WORK TO BE COMPLETED | Only the lines from the one with "Die Drehzahlerfassung habe" through the end of the data below belong in the answer, restated word for word, pictures excluded.

STORED DATA |

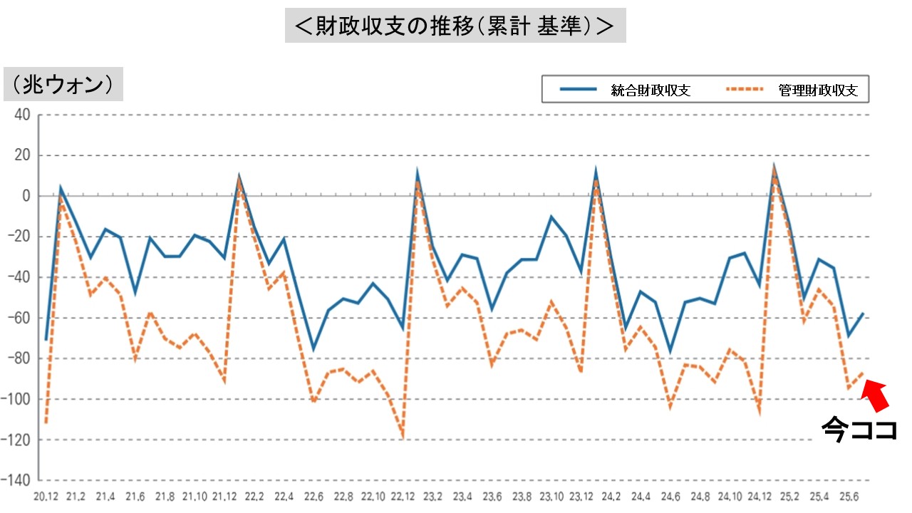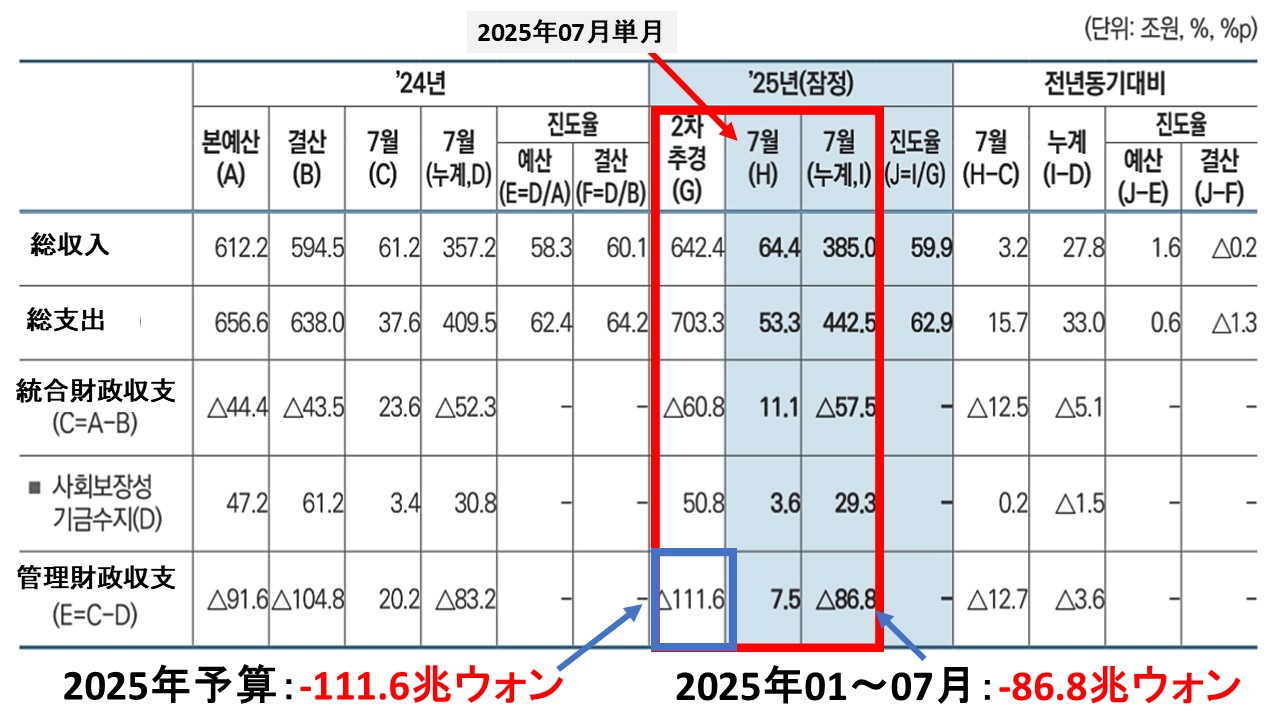 2025年01~06月累計で管理財政収支は「-94.3兆ウォン」だったのですが、01~07月累計では「-86.8兆ウォン」で赤字は小さくなりました。
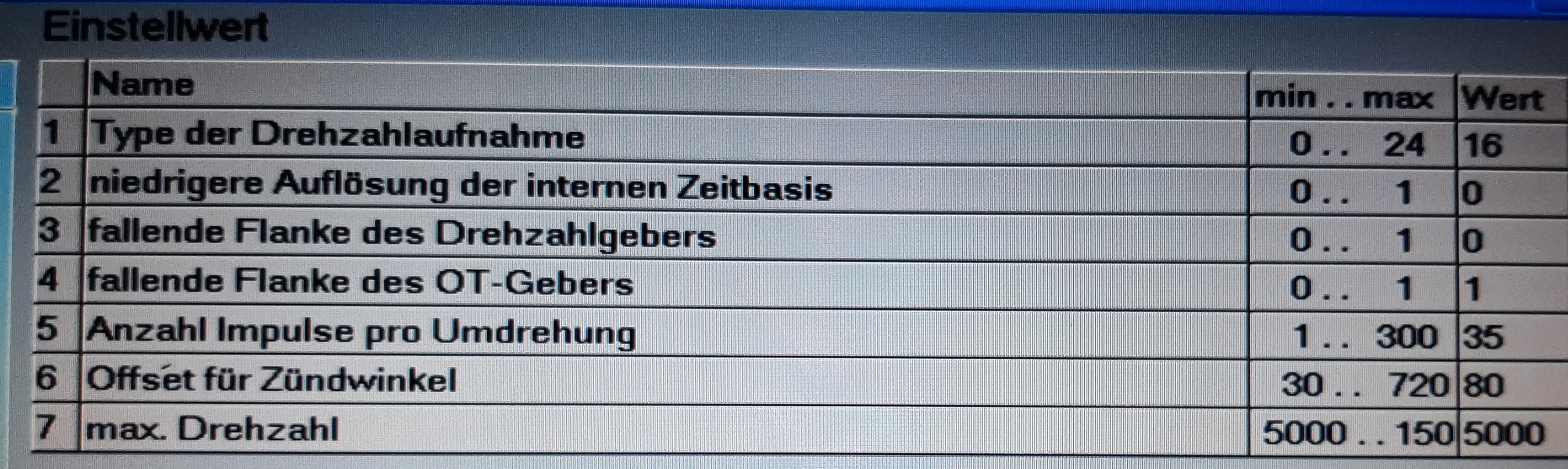 Die Drehzahlerfassung habe ich auf Typ 16 umgestellt!
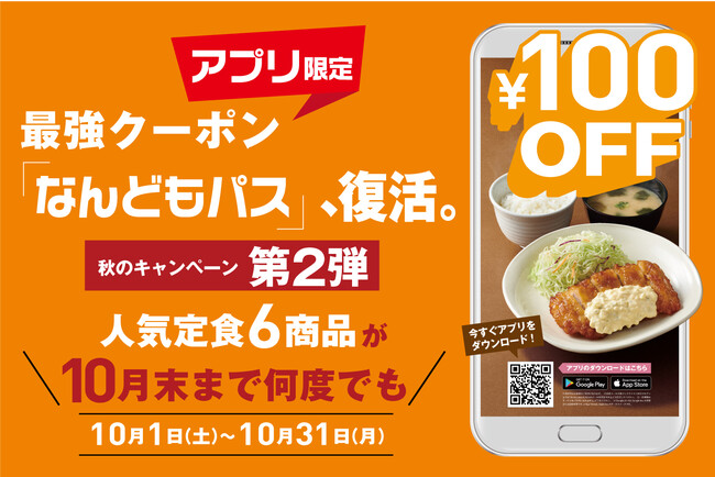 株式会社プレナスは、定食レストラン「やよい軒」を、2022年8月末現在366店舗展開しております。「やよい軒」では、多くの方に「やよい軒」の定食を楽しんでいただきたいという思いから、公式アプリ限定で人気の定食が何度でも100円引きの特別価格でお召し上がりいただけるクーポン『なんどもパス』を、9月に引き続き、10月も配信いたします。 第2弾は、10月1日(土)より31日(月)までの期間中、『サバの塩焼定食』や『味噌かつ煮定食』、『和風おろしハンバーグ定食』などの6定食を、お得な特別価格でお楽しみいただけます。

RESPONSE FOR THIS EXERCISE |
 Die Drehzahlerfassung habe ich auf Typ 16 umgestellt!
 株式会社プレナスは、定食レストラン「やよい軒」を、2022年8月末現在366店舗展開しております。「やよい軒」では、多くの方に「やよい軒」の定食を楽しんでいただきたいという思いから、公式アプリ限定で人気の定食が何度でも100円引きの特別価格でお召し上がりいただけるクーポン『なんどもパス』を、9月に引き続き、10月も配信いたします。 第2弾は、10月1日(土)より31日(月)までの期間中、『サバの塩焼定食』や『味噌かつ煮定食』、『和風おろしハンバーグ定食』などの6定食を、お得な特別価格でお楽しみいただけます。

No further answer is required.